普天間基地の移設先である辺野古地区がある名護市の市長選挙が行われ、移転容認派と目される新人が当選しました。
辺野古移設の断固阻止を掲げる現職を破ったことは、普天間基地の危険性除去や安全保障の観点からひとまず評価できるものです。
しかし、今回当選した新人は選挙戦で辺野古移設についてはほとんど言及しませんでした。
辺野古移設を選挙の争点とすると不利になると見て、あえて言及せずに、経済の活性化を中心に選挙戦を展開しました。
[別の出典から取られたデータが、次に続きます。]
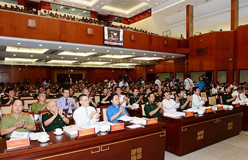 Đồng chí Nguyễn Minh Triết, nguyên Ủy viên Bộ Chính trị, nguyên Chủ tịch nước cùng các đồng chí Ủy viên Bộ Chính trị: Đinh Thế Huynh, Bí thư Trung ương Đảng, Trưởng ban Tuyên giáo Trung ương; Đại tướng Trần Đại Quang, Bộ trưởng Bộ Công an; Lê Thanh Hải, Bí thư Thành ủy TP Hồ Chí Minh và Thượng tướng Ngô Xuân Lịch, Bí thư Trung ương Đảng, Chủ nhiệm Tổng cục Chính trị đến dự. Tham dự còn có các đồng chí trong Thường vụ Quân ủy Trung ương: Thượng tướng Đỗ Bá Tỵ, Ủy viên Trung ương Đảng, Tổng tham mưu trưởng, Thứ trưởng Bộ Quốc phòng; Thượng tướng Nguyễn Thành Cung, Ủy viên Trung ương Đảng, Thứ trưởng Bộ Quốc phòng… cùng đại biểu tướng lĩnh, nhân chứng lịch sử, nhà khoa học, đại diện nhiều bộ, ngành, cơ quan, đơn vị, địa phương và đông đảo cán bộ, chiến sĩ LLVT, đoàn viên thanh niên tham dự.

結果的に、移設反対派の現職に勝利したものの、有権者をはぐらかした印象は否めません。
一方、落選した現職は、移設阻止を前面に掲げて選挙戦を展開しましたが、閉塞感のある地元経済に対する打開策を示せませんでした。
その結果、現実の生活を無視できない有権者から大きな支持は得られませんでした。
ただ、落選した現職や、その現職を推す沖縄県知事をはじめとした野党の多くは、辺野古移設反対でまとまっていましたが、覇権的な海洋進出を続ける中国の脅威については、ほとんど口を噤んでいます。
在沖縄の米軍の果たす役割の一つが、中国への対処ですが、中国の脅威を強調すると、反基地・反米軍の論理が破綻をきたすことになるためか、選挙戦では言及することはありません。
そもそも、国家全体の安全保障に関わる問題を一地方自治体が左右すべきことではないと考えますが、移設容認派、移設反対派ともに「都合の悪いものには言及しない」という姿勢に、釈然としないものが残る選挙戦だったのではないでしょうか。